Słuchając tej dłużącej się i szczegółowej litanii dań, zrozumieliśmy, że posiłek będzie długi. Odprężyłem się i dałem ponieść fali dań i rozmów.

– Jeszcze nie powiedziałeś, co sądzisz – powiedział Mehta.

– Robisz z igły widły – oznajmił Cliff De Souza, lekceważąco machając dłonią.

– Nie, stary. To się wydarzyło tuż pod moim cholernym biurem, yaar. Jeśli dziesięć tysięcy osób wrzeszczy, że chce twojej śmierci, i to wrzeszczy tuż pod twoim oknem, to nietrudno zrobić z igły widły.

– Nie mieli na myśli osobiście ciebie, Chandrababu.

– Nie osobiście. Ale to mnie i każdego do mnie podobnego chcą dorwać. No proszę cię, sam nie jesteś w złej sytuacji, powinieneś to przyznać. Twoja rodzina pochodzi z Goa. Mówicie w konkani. Konkani i marathi są podobne. Mówisz w marathi tak, jak jak po angielsku. A ja ani w ząb. Chociaż urodziłem się tutaj, yaar, i mój tatuś też. W Bombaju prowadził interesy. Tu płacimy podatki. Wszystkie moje dzieci chodzą tu do szkoły. Całe moje życie związane jest z Bombajem, stary. Ale oni wrzeszczą „Maharasztra dla Marathów” i chcą nas wypędzić z jedynego domu, jaki znamy.

– Spójrz na to także z ich punktu widzenia – powiedział łagodnie Cliff.

– Mam spojrzeć na moją eksmisję z ich punktu widzenia – warknął Mehta z taką zaciekłością, że parę osób przy sąsiednich stolikach odwróciło się w jego stronę. Dalej mówił już ciszej, ale z równą pasją. – Mam spojrzeć na moją śmierć z ich punktu widzenia, tak?

– Kocham cię, przyjacielu, jak własnego kuzyna z nieprawego łoża – rzekł Cliff, szczerząc zęby. Mehta roześmiał się wraz z nim, a dziewczyny dołączyły z wyraźną ulgą, że żarcik rozładował napięcie. – Nie chcę, żeby ktokolwiek ucierpiał, a już na pewno nie ty, Chandra Baj.
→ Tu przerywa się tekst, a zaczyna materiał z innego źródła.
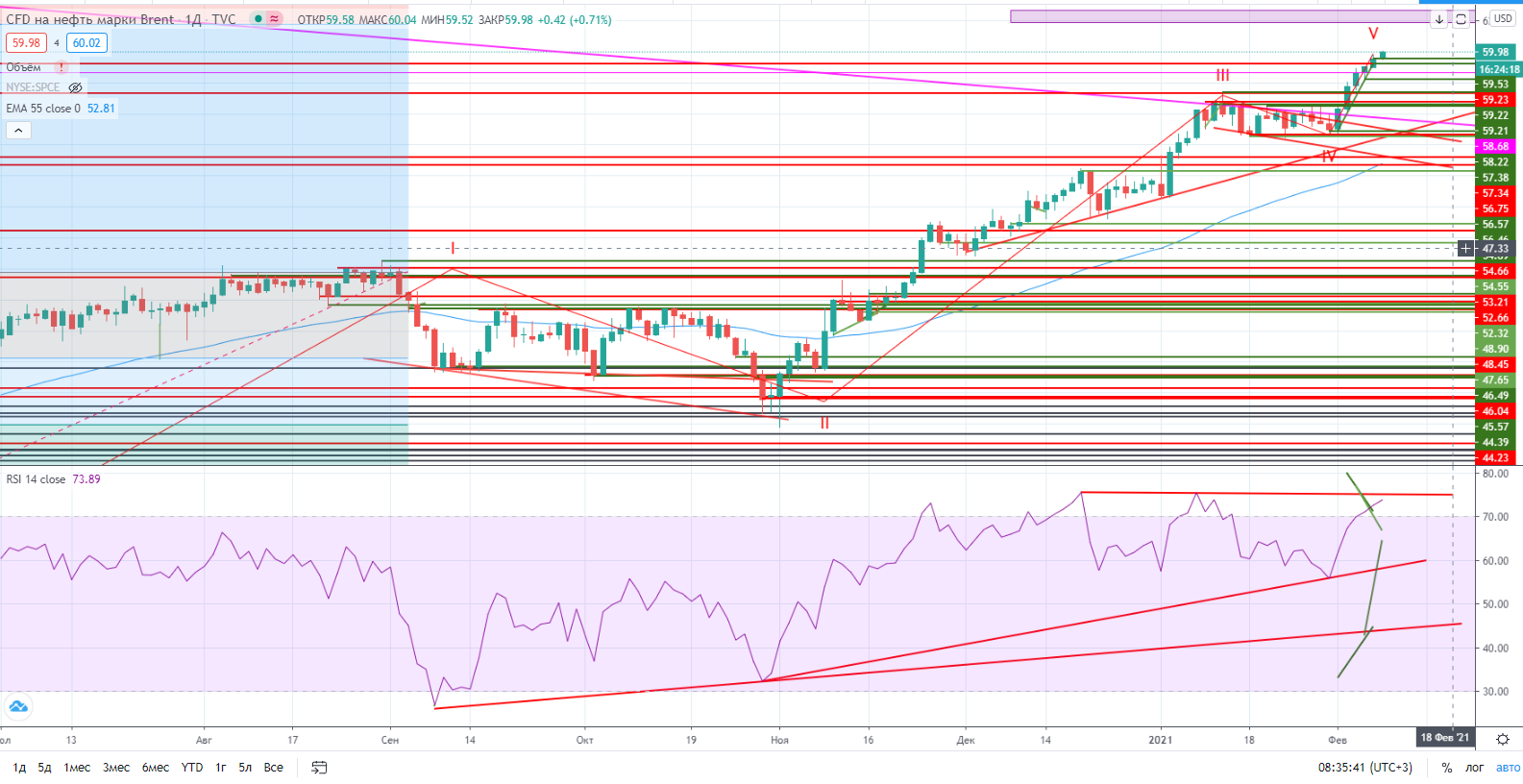В нефти пока находимся в V-ой волне роста (RSI пока в зоне потенциальной дивергенции и снова в зоне перекупленности). Но и здесь ситуация может быть изменена. Возможно нужно будет перестраивать и тут волны, возможно что это только III-я волна, а значит рост может продолжится. Но тем кто стоит в ней в лонге -можно продолжать стоять и дальше. Можно поставить защитный тэйк профит при формировании, проторговки и появления разворотной фигуры на каком либо уровне, но его пока нет.

Mówię tylko, że musisz na to spojrzeć ich oczami, jeśli chcesz zrozumieć, dlaczego się tak zachowują. Oni mówią marathi od urodzenia. Na świat przyszli w Maharasztrze. Ich dziadkowie aż do… kto wie, do przodków sprzed trzech tysięcy lat lub więcej, rodzili się na tej ziemi. I nagle rozglądają się po Bombaju i widzą, że najlepsza robota, wszystkie interesy, wszystkie firmy są własnością ludzi pochodzących z innych części Indii. To ich doprowadza do szału. I chyba coś w tym jest.
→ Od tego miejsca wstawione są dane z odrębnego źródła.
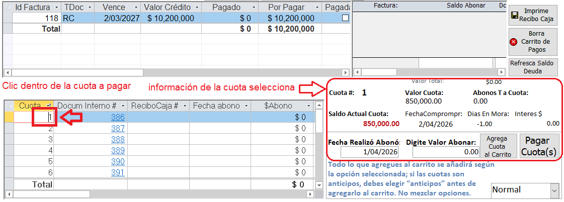 - En el subformulario de cuotas seleccione la cuota a pagar

– A co z gwarantowanymi posadami? – zaprotestował Mehta. – Praca na poczcie, na policji, w szkołach, w bankach i wielu innych miejscach, na przykład w transporcie – te wszystkie miejsca pracy są zarezerwowane dla ludzi mówiących w marathi. Ale to tym obłąkanym palantom nie wystarcza. Oni chcą nas wykopać z Bombaju i Maharasztry. Ale powiadam ci, jeśli im się uda, jeśli nas wypędzą, to stracą większość pieniędzy, talentu i rozumu, które uczyniły to miasto tym, czym jest.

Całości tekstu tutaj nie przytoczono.